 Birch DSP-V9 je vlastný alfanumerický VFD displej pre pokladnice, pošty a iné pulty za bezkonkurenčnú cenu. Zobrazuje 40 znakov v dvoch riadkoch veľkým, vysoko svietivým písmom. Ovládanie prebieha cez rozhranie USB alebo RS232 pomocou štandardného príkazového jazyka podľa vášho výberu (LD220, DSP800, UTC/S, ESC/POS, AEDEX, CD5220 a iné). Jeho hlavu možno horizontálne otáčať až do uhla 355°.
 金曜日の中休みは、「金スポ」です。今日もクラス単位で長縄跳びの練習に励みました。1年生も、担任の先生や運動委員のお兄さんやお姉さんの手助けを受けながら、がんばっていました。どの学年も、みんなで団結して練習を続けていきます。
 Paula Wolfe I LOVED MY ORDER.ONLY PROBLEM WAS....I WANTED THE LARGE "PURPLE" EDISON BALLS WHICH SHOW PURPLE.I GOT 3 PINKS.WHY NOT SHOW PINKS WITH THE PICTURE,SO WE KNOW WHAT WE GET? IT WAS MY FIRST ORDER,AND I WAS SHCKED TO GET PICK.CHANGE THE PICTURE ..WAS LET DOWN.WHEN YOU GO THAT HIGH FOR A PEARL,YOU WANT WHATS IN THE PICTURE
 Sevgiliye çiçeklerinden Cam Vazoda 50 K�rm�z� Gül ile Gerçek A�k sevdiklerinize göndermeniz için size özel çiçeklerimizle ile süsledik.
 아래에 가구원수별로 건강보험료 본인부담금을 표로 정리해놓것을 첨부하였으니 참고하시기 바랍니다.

--

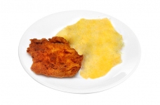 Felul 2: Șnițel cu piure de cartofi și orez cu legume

What you need to do: Copy out each line of the data above, exactly, if it lies between the line holding "Paula Wolfe I" and the line holding "아래에 가구원수별로 건강보험료", inclusive; copy no other line.

Problem solution:
 Paula Wolfe I LOVED MY ORDER.ONLY PROBLEM WAS....I WANTED THE LARGE "PURPLE" EDISON BALLS WHICH SHOW PURPLE.I GOT 3 PINKS.WHY NOT SHOW PINKS WITH THE PICTURE,SO WE KNOW WHAT WE GET? IT WAS MY FIRST ORDER,AND I WAS SHCKED TO GET PICK.CHANGE THE PICTURE ..WAS LET DOWN.WHEN YOU GO THAT HIGH FOR A PEARL,YOU WANT WHATS IN THE PICTURE
 Sevgiliye çiçeklerinden Cam Vazoda 50 K�rm�z� Gül ile Gerçek A�k sevdiklerinize göndermeniz için size özel çiçeklerimizle ile süsledik.
 아래에 가구원수별로 건강보험료 본인부담금을 표로 정리해놓것을 첨부하였으니 참고하시기 바랍니다.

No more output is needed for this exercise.